I hope you're able to read the full article, but sometimes a paywall locks it and sometimes it doesn't. I have better luck on my computer than on my phone.

6


In other English major news, I discovered that I've been pronouncing the word "automaton" wrong my entire life. Look it up, some of you may be devastated, too. 

This information came to me from my 10-year-old, by the way.

7


Now that school is out and everyone is home 24/7, I'm anticipating the place being a total disaster. We had a family meeting yesterday about how to keep it clean, and we identified two main things we could do.

First, everyone is going to do 10 minutes daily of cleaning chores (we track these using the Tody app.) This isn't tidying, this is actively dusting, sweeping, mopping, or wiping something. I briefly debated implementing some system of rewards or punishments, but in the end I just asked them to be decent humans who spend a measly 10 minutes a day taking care of the place in which they live. We'll see how long the honor system lasts before I have to start yelling.

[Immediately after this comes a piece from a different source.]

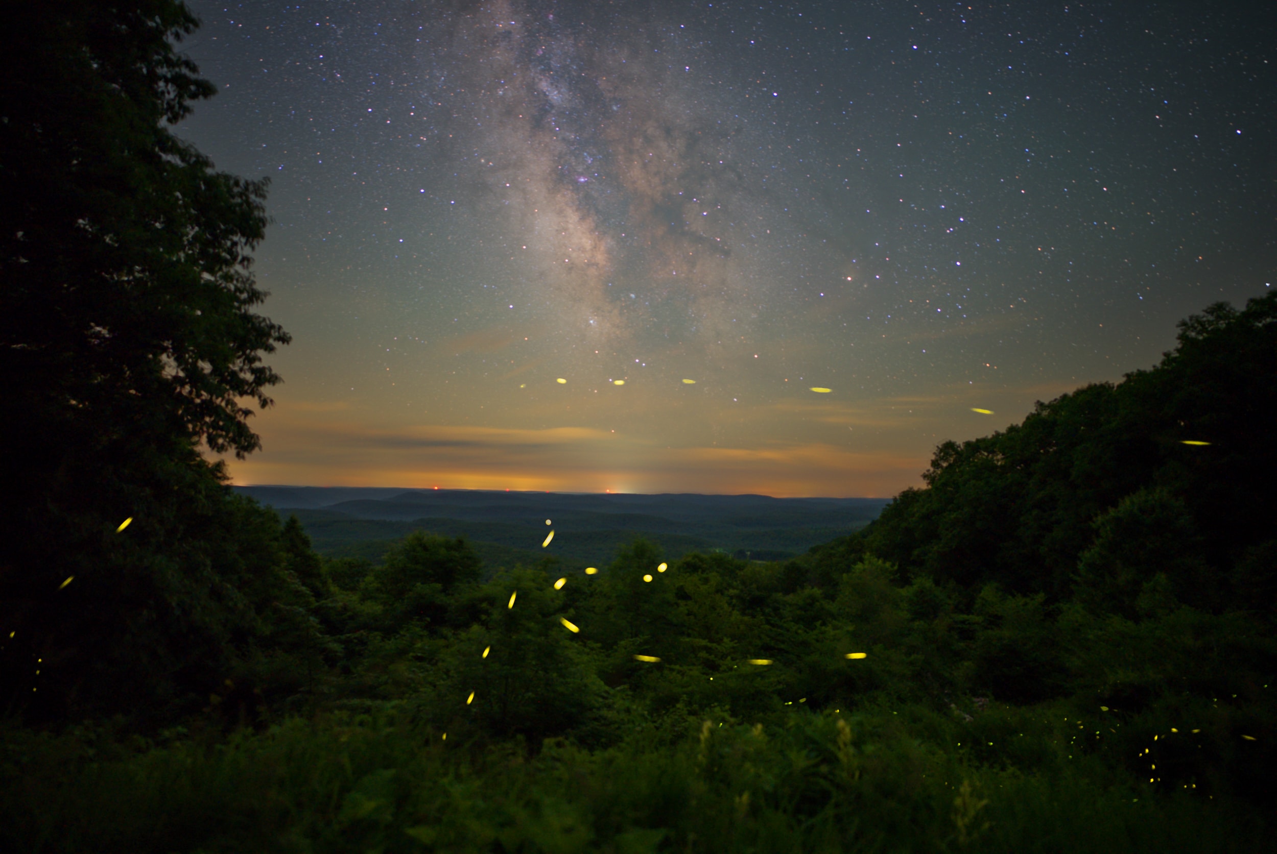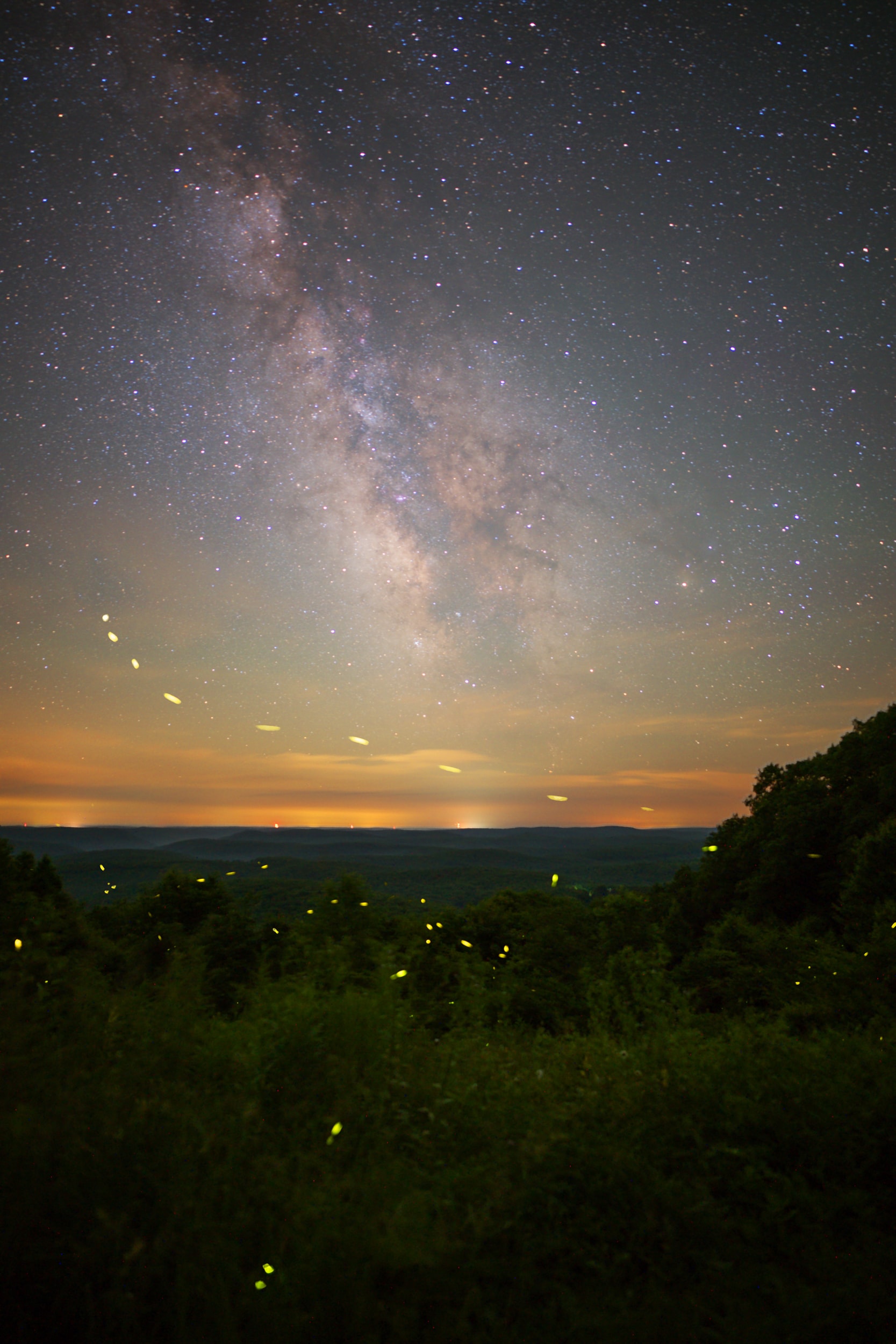 天の川の写真を撮影する間、周囲の野原にはこれまで見たことのないほどの数の蛍が舞っていました。絶景に魅入ってしまいそうになりながらも、その夜の仕事を終える前に数枚の写真を忘れずに撮影することができました。

Second, the kids are going to pick up after themselves, and to make sure they do I'm throwing everything in a big storage bin at the end of the day that's still sitting out. They can only get their stuff out at dinnertime the next day, so maybe it will make them think twice about leaving out the book they're reading or their beloved earbuds when they're done with them.

Any other tips for living with a bunch of people who care about a clean house way less than you do?